But what are you trying to compare, Bob? Evenness of illumination, resolution, contrast ... what? A gray card will only show you evenness of illumination. At f/2.8, it's a toss up between the two 50mm lenses to predict which will do better, although at copystand distances I'd put my bets on the dedicated macro lens.

A D-FA50 macro lens is designed to be best at flat-field imaging, stopped down to f/8-f/32, in the near-focusing range. An A50/1.4 is designed for general pictorial use at wide apertures, and will not perform at its best at copystand distances.

Comparing a DA40 and a M40 pancake makes more sense as they are both designed to do the same job of general pictorial work.

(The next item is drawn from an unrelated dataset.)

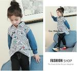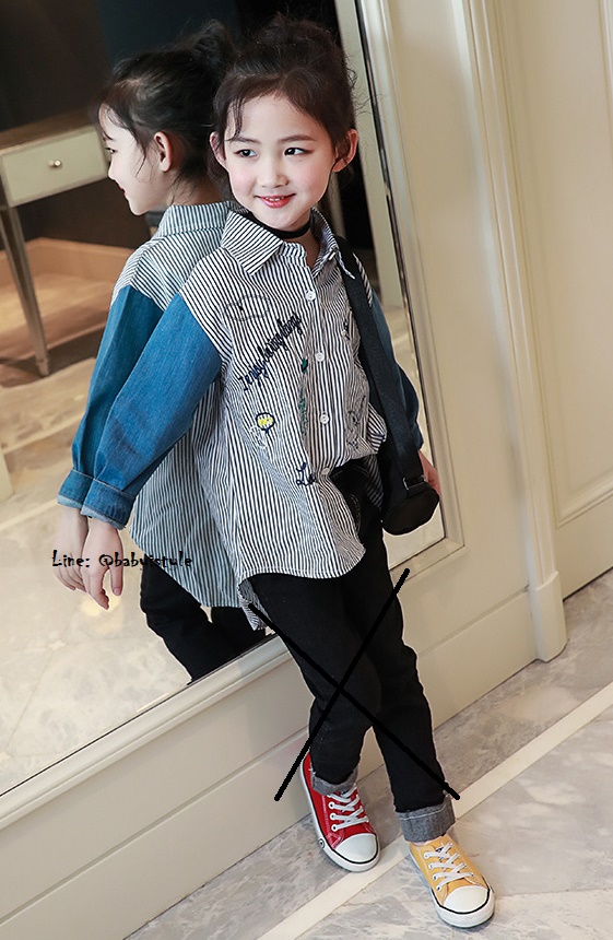 *Salesเด็กโต-เสื้อเชิ้ตสีขาวริ้วเทาดำต่อแขนยาวผ้ายีนส์ปักลวดลาย หน้าสั้นหลังยาวไซส์150/160รหัสKKK917

Unfortunately, the only lens I've got of the above four is an A50/1.4. I can shoot a gray card for you, but I doubt that it's going to tell you very much.

Godfrey


On Sep 5, 2005, at 1:52 PM, Bob Blakely wrote:

What I would be interested in, then, is D-FA50 Macro wide open and the A50/1.4 at the lowest common stop, or the DA40 and the SMC 40 at the lowest common stop.

Regards,
Bob...
---------------------------------------------------------------------- ------------------------------
By all means, marry. If you get a good wife, you'll become happy;
if you get a bad one, you'll become a philosopher.
- Socrates


From: "Godfrey DiGiorgi" <[EMAIL PROTECTED]>



There are no "digital" prime lenses between 20 and 35mm. Pentax lenses designed for digital SLRs, to date, include:

DA14
DA16-45
DA18-55
DA40
DA50-200
D-FA50 Macro
D-FA100 Macro

If I get a chance to set up my copystand and lighting, I'll make a gray card exposure with the A24/2.8 or FA35/2, but I doubt very much that you'll see anything different compared to making the same exposure on a 35mm film negative and then cropping the negative to the 16x24 sensor format dimensions.

Godfrey


On Sep 5, 2005, at 12:56 PM, Bob Blakely wrote:


Yes. Also, if one of you digital dudes would shoot a gray card frame edge to frame edge with one of your digital primes (say between 20 and 35 mm or so) and one of your film primes of *equal* focal length, I would be interested in comparing light fall off at the corners. Tripod mount camera on centerline wit perpendicular from the center of the gray card. Light gray card evenly with two side lights placed on each side of the camera and such that there is no equal angle reflection from the light to the card to the lens. No flash. Just like you were photocopying art.